We’re shifting east, toward the Ebro River for this wine from Rioja. While many folks first think of Rioja as Tempranillo territory, it also produces delicious white wines made from the Viura grape, especially when fruit comes from old vine plantings. It is known as Macabeo in the southern France region of Roussillon, and in Catalunya, where it is blended with Parellada and Xarello to make Cava.

CVNE stands for Compañía Vinícola del Norte de España, and was established in 1879 by brothers Eusebio and Raimondo Real de Asúa. The fifth generation runs the enterprise today, including 1,350 acres of vineyards directly owned by the family and which account for 50% of CVNE’s production.

Monopole and Chicken Soup
Homemade chicken soup worked well, too!

Monopole was first produced in 1915, making it the oldest white wine brand in Spain. It is made much differently today than it was originally: today the free-run juice is fermented in temperature-controlled stainless steel vats for a fruity, fresh wine that is ready to drink. At its inception, Monopole was barrel-aged in Manzanilla Sherry casks that held a bit of residual wine. The resulting wine was rich, with a hint of yeasty flor character, a style that remained popular until the 1980s, when consumer tastes turned toward unoaked, fruit-forward wines.

CVNE still makes a version of Monopole that pays tribute to the original wine. It’s called Monopole Clásico, and is aged in barrels, as per tradition, with a small quantity of Manzanilla Sherry. I am dying to taste that wine!

As for the modern style 2019 Monopole, it is pale lemon-green with aromas of white flowers, apple, pear, and hay. On the palate it is lemony, with flavors of green apple; medium+ acidity. The finish is moderate in length and has a tempting savory quality to it. Really delicious and drinks way above its modest price tag.

Vina Real Rosado Bottle Shot
The color of a Spanish sunset! Instant cure for wanderlust.

2019 Viña Real Rioja Rosado (12.5% abv; $14 SRP)

A blend of Rioja’s traditional grapes: Tempranillo, Garnacha, and Viura, this wine has a long history: it was first produced in 1920, from fruit grown in the preferred areas of Rioja Alta and Rioja Alavesa. Today, the wine is made via a few hours of skin contact under cool temperatures, with an eye toward preserving primary fruit aromas and flavors.
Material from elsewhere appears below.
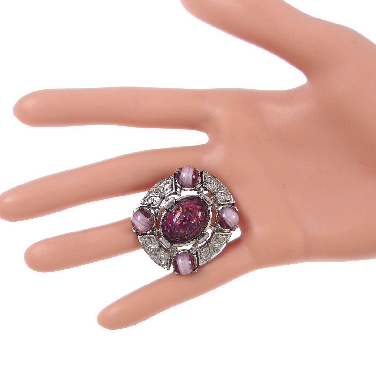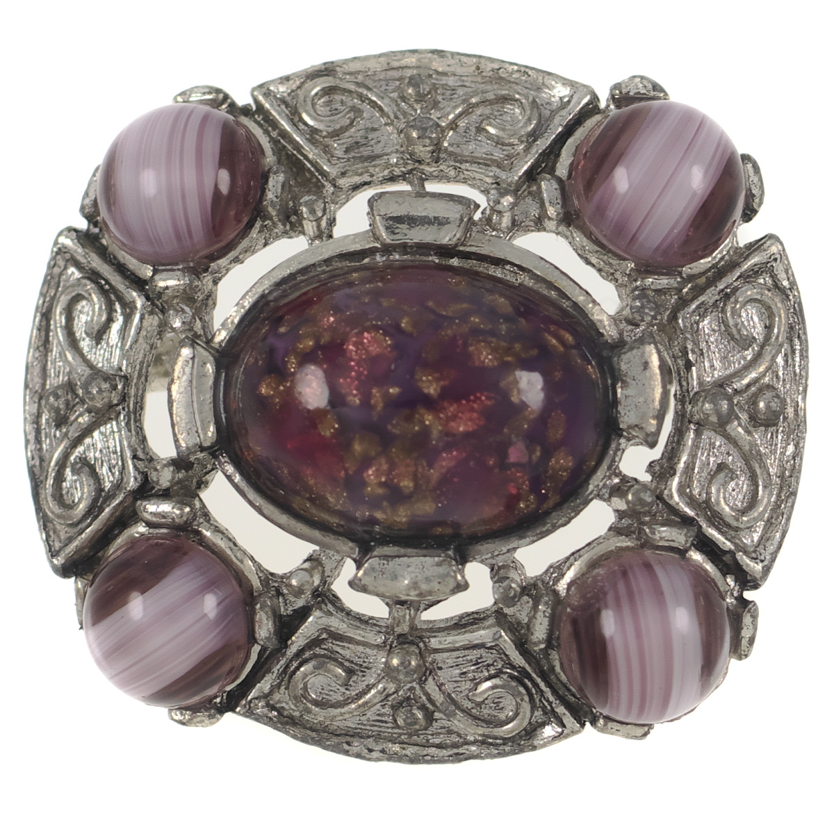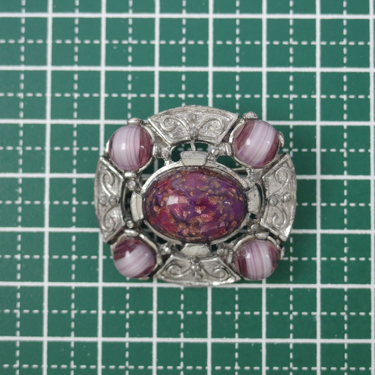 UK3267◆ パープル系カボションストーン マーブル ラメ ギブレガラス 色石 ケルト 英国 イギリス ◆ ヴィンテージブローチ ◆

Bright coral in color, this wine is redolent of ripe red cherry fruit and white peach – basically summer in a glass. There are similar notes on the palate, with moderate acidity to balance the fruit. The finish is moderate. While not a complex wine, it is perfect for warm-weather sipping and would pair nicely with a charcuterie and cheese plate or simply grilled fish.

Vina Real Rosado Back Label
This light wine was delicious with seared pork chops. Spanish rosado is always great with pork, right?

If you’re looking for a virtual travel companion – especially one with a dash of Spanish flair – why not pour a glass of wine from Rioja or Valdeorras? I will gladly meet you there.

I shouldn’t be hard to find: I’ll be the one on the lounge chair, glass of wine in hand, and an easy smile on my face.